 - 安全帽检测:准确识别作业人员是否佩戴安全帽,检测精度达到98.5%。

...

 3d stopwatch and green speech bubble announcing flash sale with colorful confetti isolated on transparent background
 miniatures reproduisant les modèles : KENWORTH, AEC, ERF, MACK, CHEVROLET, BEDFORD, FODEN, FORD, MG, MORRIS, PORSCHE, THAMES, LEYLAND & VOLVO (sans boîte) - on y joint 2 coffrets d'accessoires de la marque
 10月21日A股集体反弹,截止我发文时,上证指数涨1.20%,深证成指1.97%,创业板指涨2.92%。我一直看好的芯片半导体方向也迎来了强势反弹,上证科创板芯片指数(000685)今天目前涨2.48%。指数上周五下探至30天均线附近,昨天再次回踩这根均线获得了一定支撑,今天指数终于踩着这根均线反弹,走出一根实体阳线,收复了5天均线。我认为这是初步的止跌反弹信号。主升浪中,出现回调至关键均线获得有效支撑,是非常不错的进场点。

Problem statement: The lines above from the one with "3d stopwatch and" through the one with "10月21日A股集体反弹,截" are to be duplicated exactly, ends included, with nothing added.

Task result:
 3d stopwatch and green speech bubble announcing flash sale with colorful confetti isolated on transparent background
 miniatures reproduisant les modèles : KENWORTH, AEC, ERF, MACK, CHEVROLET, BEDFORD, FODEN, FORD, MG, MORRIS, PORSCHE, THAMES, LEYLAND & VOLVO (sans boîte) - on y joint 2 coffrets d'accessoires de la marque
 10月21日A股集体反弹,截止我发文时,上证指数涨1.20%,深证成指1.97%,创业板指涨2.92%。我一直看好的芯片半导体方向也迎来了强势反弹,上证科创板芯片指数(000685)今天目前涨2.48%。指数上周五下探至30天均线附近,昨天再次回踩这根均线获得了一定支撑,今天指数终于踩着这根均线反弹,走出一根实体阳线,收复了5天均线。我认为这是初步的止跌反弹信号。主升浪中,出现回调至关键均线获得有效支撑,是非常不错的进场点。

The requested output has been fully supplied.